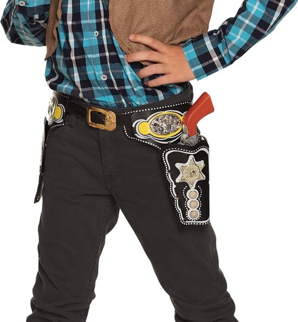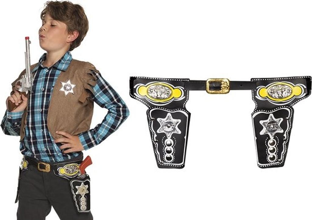 With this sheriff’s double holster from Boland, your child is perfectly equipped for exciting adventures in the Wild West! The leather-look belt is approximately 103 cm long and has room for two toy pistols (not included). Two sheriff stars and the classic black and yellow color scheme complete the look.
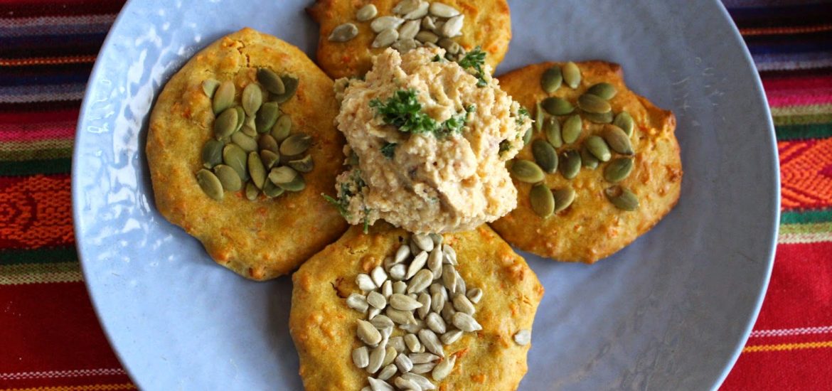 Combine all ingredients in a large bowl. Scoop onto a greased cookie sheet. Sprinkle seeds of your liking on top (I used pumpkin and sunflower seeds). Bake for about 20 minutes in 425°F. Serve warm with hummus. Recipe in Finnish here.
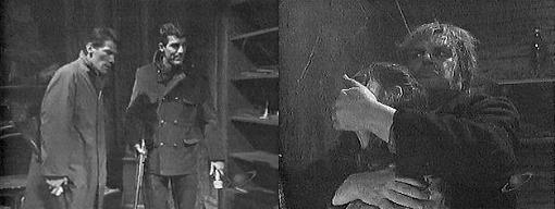 (Matthew's eyes widen.) Where are they? asks Burke. Out coming the woods, says Joe. We'd better join them, says Burke, we're not doing Vicki any good here. And, to Vicki's horror, Joe and Burke leave the house. Matthew takes his hand away from her mouth and she's able to get in one good healthy scream of, "BURKE!" before he silences her again. He listens at the door, holding her fast in his grip, but the men are gone. He shoves her down onto the mattress. "That was a dumb thing to do, Miss Winters!" he says--"real dumb!" Vicki looks up at him with terror.
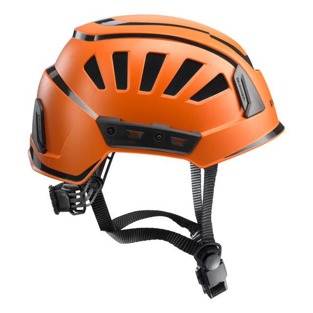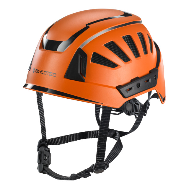 Schutzhelm SKYLOTEC INCEPTOR GRX REF, DIN EN 12492:2012-04. Für Höhenarbeit und Rettung, Helmschale aus PC/ABS mit Belüftungsöffnungen, EPS-Thorax, Kinnriemen mit Fidlockschnalle, Gear Rack zum Anbringen von Zubehör, Nackenband zur stufenlosen Anpassung an Kopfgrößen 54–63, Farbe orange reflektierend, ca. 460 g
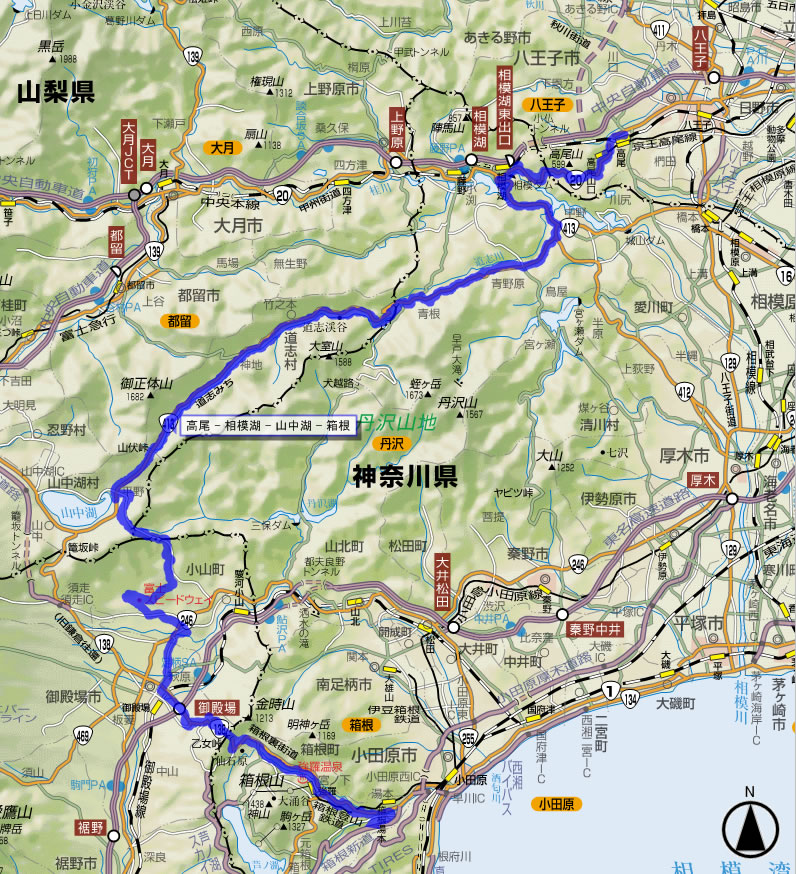 高尾山で安全祈願の後、大垂水峠を抜け、相模湖。
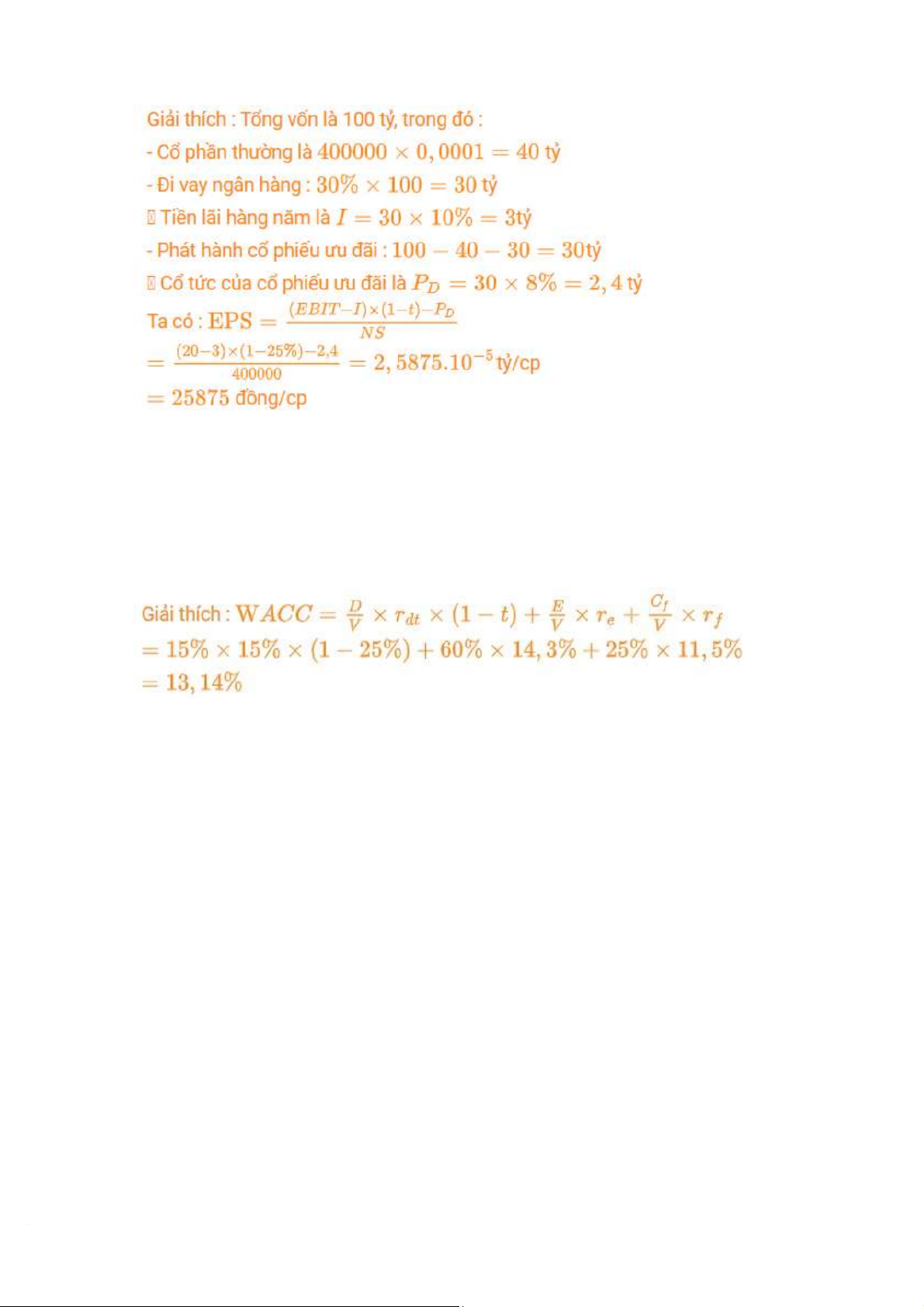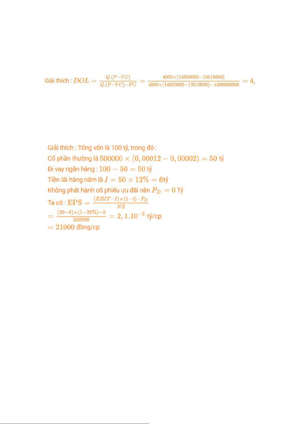 thu nhập doanh nghiệp là 25%. EPS tương ứng với mức EBIT trên là => 21.000 đồng/CP
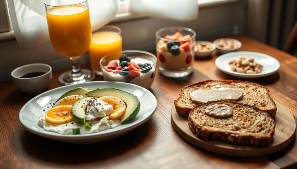 Other great choices include Greek yogurt with nuts and seeds. Or, a breakfast bowl with eggs, avocado, and whole-grain toast.
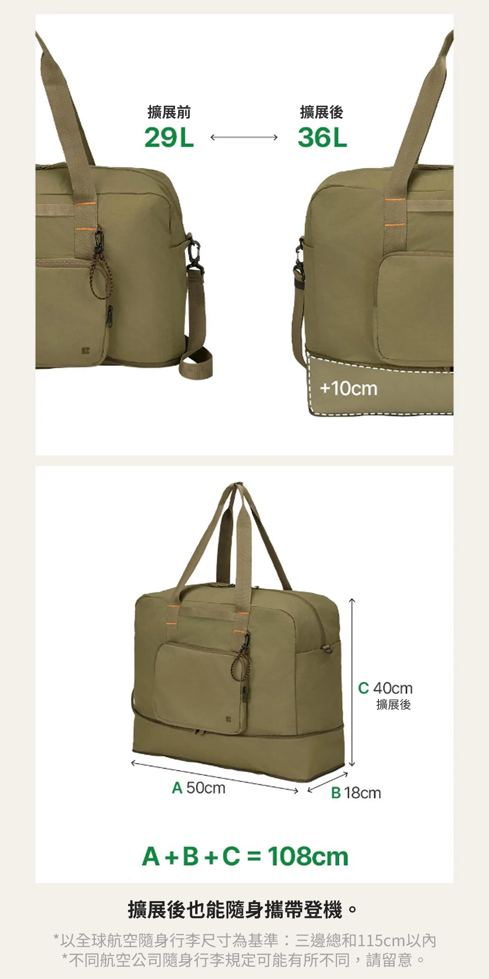 ■ 擴充功能|波士頓包29L再擴充成36L,依照旅途需求調整。
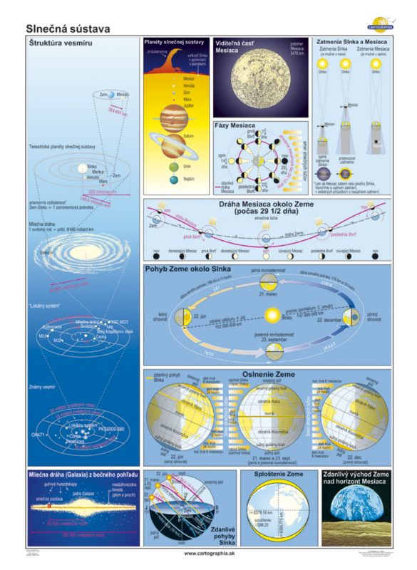 Štruktúra vesmíru, Mliečna dráha z bočného pohľadu, planéty slnečnej sústavy, viditeľná časť Mesiaca, fázy Mesiaca, dráha Mesiaca okolo Zeme, pohyb Zeme okolo Slnka, zatmenie Slnka a Mesiaca, oslnenie Zeme, zdanlivý pohyb Slnka, sploštenie Zeme, zdanlivý východ Zeme nad horizont Mesiaca. Nástenná mapa, 120X160 cm.
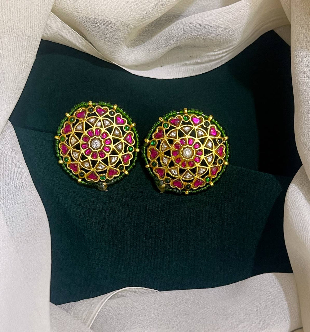Introducing the Emerald Jadau Kundan Studs - KE00130, featuring exquisite emerald gemstones and traditional Kundan setting. These studs come with a secure back screw for comfortable wear. Elevate any outfit with the radiant beauty and craftsmanship of these earrings.

_Activity_.
The entries above should be given again exactly, minus any pictures.

_Result of the task_.
 With this sheriff’s double holster from Boland, your child is perfectly equipped for exciting adventures in the Wild West! The leather-look belt is approximately 103 cm long and has room for two toy pistols (not included). Two sheriff stars and the classic black and yellow color scheme complete the look.
 Combine all ingredients in a large bowl. Scoop onto a greased cookie sheet. Sprinkle seeds of your liking on top (I used pumpkin and sunflower seeds). Bake for about 20 minutes in 425°F. Serve warm with hummus. Recipe in Finnish here.
 (Matthew's eyes widen.) Where are they? asks Burke. Out coming the woods, says Joe. We'd better join them, says Burke, we're not doing Vicki any good here. And, to Vicki's horror, Joe and Burke leave the house. Matthew takes his hand away from her mouth and she's able to get in one good healthy scream of, "BURKE!" before he silences her again. He listens at the door, holding her fast in his grip, but the men are gone. He shoves her down onto the mattress. "That was a dumb thing to do, Miss Winters!" he says--"real dumb!" Vicki looks up at him with terror.
 Schutzhelm SKYLOTEC INCEPTOR GRX REF, DIN EN 12492:2012-04. Für Höhenarbeit und Rettung, Helmschale aus PC/ABS mit Belüftungsöffnungen, EPS-Thorax, Kinnriemen mit Fidlockschnalle, Gear Rack zum Anbringen von Zubehör, Nackenband zur stufenlosen Anpassung an Kopfgrößen 54–63, Farbe orange reflektierend, ca. 460 g
 高尾山で安全祈願の後、大垂水峠を抜け、相模湖。
 thu nhập doanh nghiệp là 25%. EPS tương ứng với mức EBIT trên là => 21.000 đồng/CP
 Other great choices include Greek yogurt with nuts and seeds. Or, a breakfast bowl with eggs, avocado, and whole-grain toast.
 ■ 擴充功能|波士頓包29L再擴充成36L,依照旅途需求調整。
 Štruktúra vesmíru, Mliečna dráha z bočného pohľadu, planéty slnečnej sústavy, viditeľná časť Mesiaca, fázy Mesiaca, dráha Mesiaca okolo Zeme, pohyb Zeme okolo Slnka, zatmenie Slnka a Mesiaca, oslnenie Zeme, zdanlivý pohyb Slnka, sploštenie Zeme, zdanlivý východ Zeme nad horizont Mesiaca. Nástenná mapa, 120X160 cm.
Introducing the Emerald Jadau Kundan Studs - KE00130, featuring exquisite emerald gemstones and traditional Kundan setting. These studs come with a secure back screw for comfortable wear. Elevate any outfit with the radiant beauty and craftsmanship of these earrings.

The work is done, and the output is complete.